Self-managed super funds (SMSFs) are allowed to invest a private company or business provided the business is operated for the sole purpose of providing retirement benefits for fund members and it is allowed under the trust deed.
SMSF trustees must take into account the sole purpose test when determining whether purchasing a private company or business is appropriate. The sole purpose test means your fund needs to be maintained for the sole purpose of providing retirement benefits to your members or to their dependants if a member dies before retirement.
Under the sole purpose test, the SMSF is eligible for concessional tax treatment. However, trustees who contravene the sole purpose test (i.e. provide a pre-retirement benefit to someone) could lose the fund’s concessional tax status and trustees could face severe civil and criminal penalties.
When trustees are considering investing in an entity that carries on a business, they must ensure their SMSF complies with their investment strategy, arm’s length transactions and the rules surrounding related parties.

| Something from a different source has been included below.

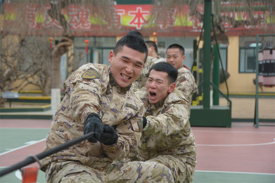 圖為拔河比賽,戰(zhàn)友們拼盡全力分毫不讓,勇奪第一。
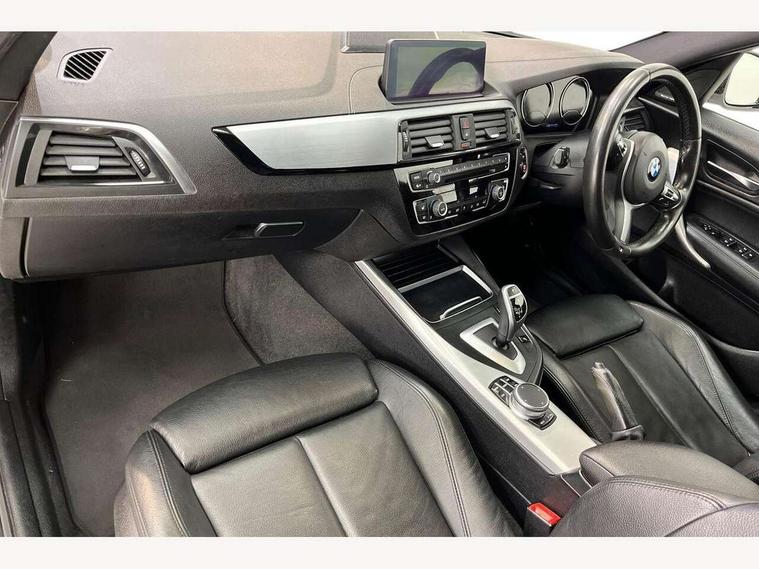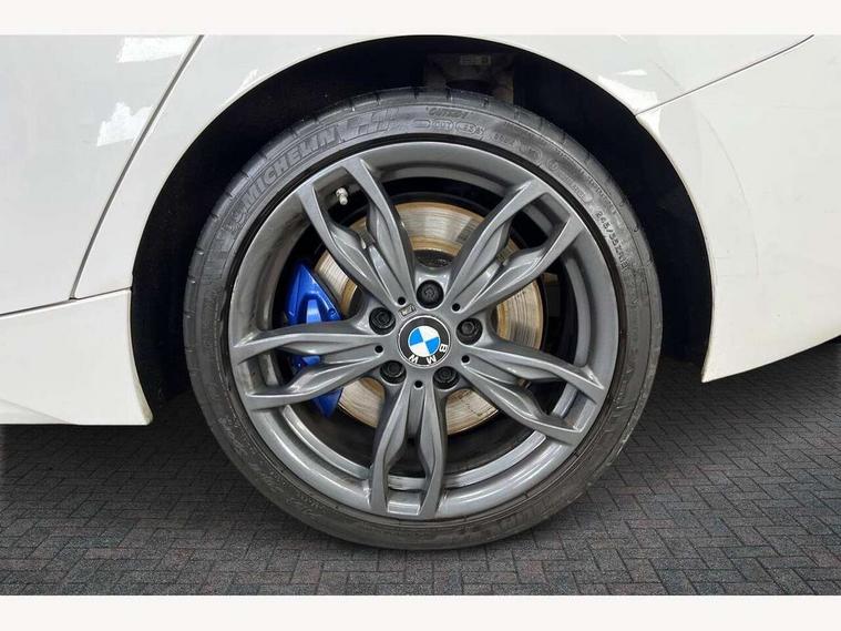 Automatic start/stop system, BMW Online services, BMW remote services, BMW Teleservices, Brake force display, Brake pad wear indicator in front and rear, Check Control warning system for monitoring of lights and door/luggage compartment open warning, Cruise control with brake assist, Eco pro mode, Instrument cluster with speedometer with miles per hour read out, tachometer and fuel gauge, Lights on warning by audio warning signal when ignition is switched off, Oil temperature display via on board computer in instrument cluster, On board computer - average speed+fuel consumption, service interval, clock/date, odometer/trip meter, outside temperature display and ice warning, On board diagnostics, Optimum shift indicator, Personal Profile, Real time traffic information, Speed limiter, Variable sport steering, Battery age recognition function, Drive Performance Control, Sport automatic transmission with Launch Control, Sports function on gearbox with steering wheel mounted gearshift paddles, BMW professional radio with CD player, DAB Digital radio, Harman/Kardon loudspeaker system, Body colour door handles, Body colour front and rear bumpers, Body colour roof mouldings, Clear lenses direction indicator lights, Dark chrome exhaust tailpipes in dual, round and split, Darkened rear lights with LED light bars, Daytime driving lights, Direction indicator side lights in exterior mirrors, Dynamic brake lights, Electrically adjustable heated door mirrors and washer jets, Ferric grey air blades, Ferric grey mirror caps, Follow me home headlights, Front and rear bumper system with replaceable deformation elements, Front and rear electric windows with open and close fingertip control, anti trap facility and comfort closing, Front door exit lights, Green tinted heat protection glazing, Headlight beam throw control, Heated windscreen washer jets, High gloss black kidney grille with black slats, High level third brake light, LED exterior front door handle lights, Lightweight engineering, M aerodynamic bodystyling, Nearside reverse light in rear light cluster, Offside rear fog lights, Rain sensor including auto headlights activation, Rear window aerial, Rear window wiper, Shark fin antenna, Sun protection glass, Visible VIN plate, Welcome lighting, 12V power socket in centre console, 12V power socket in passenger footwell, 60/40 split folding rear seat, Ambient lighting - switchable BMW classic orange/ cold white LED, Ambient lighting front and rear, Anthracite headlining, Anthracite Velour front and rear floor mats, Conditioned based service, Dakota leather upholstery, Door sill finishers with M140i designation, Driver and passenger illuminated vanity mirror, Four grab handles integrated in roof lining, Front and rear side armrest integrated into door trim, Front folding sliding armrest with storage compartment, Front footwell lights, Front head restraints, Front LED reading lights, Front sports seats with electric side bolster adjustment, Front storage compartment in centre console and in door trim, Front/rear courtesy lights with soft on/off dimming, Glove box handle with chrome surround, Glovebox, Interior light in front centre interior mirrors and rear centre auto interior light activation when door is opened when ignition switched off, Isofix child seat for two outer rear seats, Leather gear knob and handbrake grip, LED luggage compartment lighting, LED rear interior light with centre reading lights, Luggage compartment access via BMW roundel, Luggage compartment lighting, M sports multi function leather steering wheel, Manually adjustable steering column, Multi-function controls for steering wheel, Rear folding head restraints, Sunvisors with vanity mirrors and ticket pocket, Two cupholders with sliding cover and inlay mat, Two sills lashing eyes in the luggage compartment, Two zone automatic air conditioning, 3 point seatbelts on all seats, front pyrotechnic belt tensioners, stopper and belt force limiters, rear coded belt buckles, Active differential brake (ADB), electronic differential lock in DSC-OFF mode, Airbags - Front driver and passenger, front and rear head, front side, curtain head protection, Anti lock braking system (ABS) with brake assist, Automatic Stability Control (ASC), Battery safety cut-off, BMW emergency call, Brake drying, Brake energy regeneration, Braking readiness, Cornering brake control (CBC), Crash sensor activating central locking release, hazard warning lights, Driver and front passenger seat belt security check, DSC+, Dynamic brake control, Dynamic Traction Control - DTC, Front passenger manual airbag deactivation, Front ventilated brake disc, Hill start assist, M Sport braking system, Rear brake discs, Rear child proof door locks, Side impact protection, Twin horns, Tyre pressure monitoring system, Warning triangle and first aid kit, Automatic drive away locking facility, Central locking switch for all doors, fuel filler cap and luggage compartment, Locking wheel bolts, Remote central locking with two Integrate key, one button for opening and closing all lock, open and close window, button for open luggage compartment, Remote control integrated key with blue inset, Start/stop button with comfort go keyless engine start and auto start stop deactivation button, Thatcham Cat.1 alarm and immobiliser, High performance tyres, Reduced rolling resistance tyres,

SMSF trustees must ensure they do not cross the line between investing in a business and using their SMSF to run a business. Some indicators that the SMSF has crossed the line include those where:
- the trustee employs a family member
- the ‘business’ is an activity commonly carried out as a hobby or pastime
- the business carried on by the fund has links to associated trading entities
- there are indications the fund’s business assets are available for the private use and benefit of the trustee or related parties.

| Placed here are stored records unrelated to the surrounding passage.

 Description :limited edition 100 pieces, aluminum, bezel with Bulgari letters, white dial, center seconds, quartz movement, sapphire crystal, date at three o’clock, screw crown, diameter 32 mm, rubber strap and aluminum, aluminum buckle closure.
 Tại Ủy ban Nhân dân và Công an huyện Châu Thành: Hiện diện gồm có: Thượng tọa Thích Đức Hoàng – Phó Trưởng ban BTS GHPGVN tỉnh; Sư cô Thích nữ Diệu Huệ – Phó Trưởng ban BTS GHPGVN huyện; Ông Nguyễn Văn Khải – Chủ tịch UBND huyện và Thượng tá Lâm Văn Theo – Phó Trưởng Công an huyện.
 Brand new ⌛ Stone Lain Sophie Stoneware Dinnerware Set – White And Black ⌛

SMSF’s looking to invest in a private company or business must ensure their SMSF trust deed permits the investment; the SMSF has a written and up-to-date investment strategy and investments are made in line with the strategy.
Trustees must also ensure investments are made and maintained on an arm’s length basis; assets are not acquired from related parties (unless they are an exception) and the transaction does not breach the in-house asset limit.